The wider question of misc and its future:

If you have misc, then you will continue to have misc until you make a concerted effort to get rid of it. Having a transient policy that encourages it to grow is only going to ensure that we never get rid of it.

(Johannes suggests that we have it as a clearing-house that acts as a moving target, but I personally think that's pretty ugly. In particular, I can do a recursive grep for TODO: HOL-move across the CakeML directories as easily as page through a miscScript.sml looking for much the same. Doing that at set intervals seems like it shouldn't be any more disruptive than pulling things out of misc. Indeed, it would be less disruptive because only affected theories and their descendants would need recompiling, instead of everything.)

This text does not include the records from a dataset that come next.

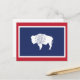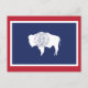This distinctive design features a deep dark blue field, symbolising the vast Wyoming sky, justice, and loyalty. At its heart, a magnificent white bison (or buffalo) stands prominently, representing the state's wildlife and its historical ties to the American West. A bold red border frames the bison, recalling the blood shed by pioneers and Native Americans. The bison itself is branded with the state seal, featuring a banner with the powerful motto "EQUAL RIGHTS," honouring Wyoming's legacy as the "Equality State.
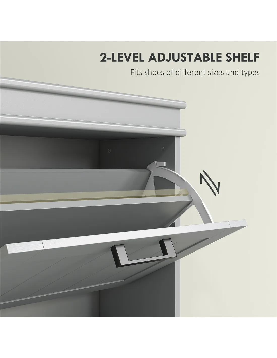 - Two-level adjustable inner shelves for different footwear
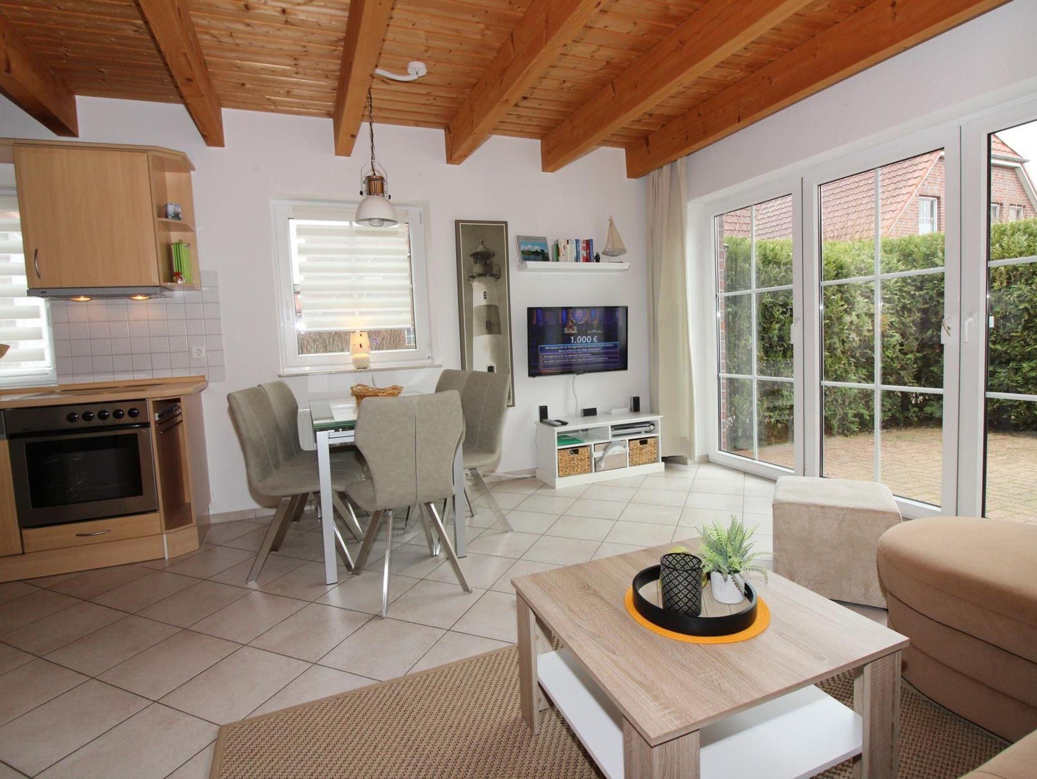 Vom Eingang führt ein kleiner Flur zum komfortablen Wohnbereich mit großem TV, Internetradio, DVD-Player und Surroundanlage. Der Essbereich ist modern eingerichtet und für die kleinen Gäste steht ein Kinderhochstuhl bereit. Anschließend an den Wohnbereich findet man die voll ausgestattete Küche inkl. Geschirrspüler, Mikrowelle, Backofen, Kühlschrank mit Gefrierfach und Senseo-Maschine.

As for things that aren't going to get adopted by HOL:

  • read_bytearray. This constant is just not going to cut it.

    • It's not sufficiently interesting
    • It's too close to being a simple combination of existing constants (GENLIST and OPT_MMAP)
    • To my mind, if it's to be defined at all, it clearly belongs to a ..common.. background theory about abstract treatments of memory. That's where you might also put all_words and asm_write_bytearray. If you combine all those into such a theory, and convince yourself that you have a nice, general-purpose abstraction that isn't irrevocably tied to CakeML-specific choices, that whole theory might be usefully transferred to HOL.
  • IMAGE SUC x SUBSET IMAGE SUC y UNION IMAGE SUC z <=> x SUBSET y UNION z. Never, never, never. Use of SUC makes it hopelessly specific, and it should clearly be a combination of two theorems: one about distribution of IMAGE over UNION and one about IMAGE over SUBSET. Both should be about arbitrary injective functions rather than just SUC.

  • MAP3. Why should HOL be a home to something that is never used?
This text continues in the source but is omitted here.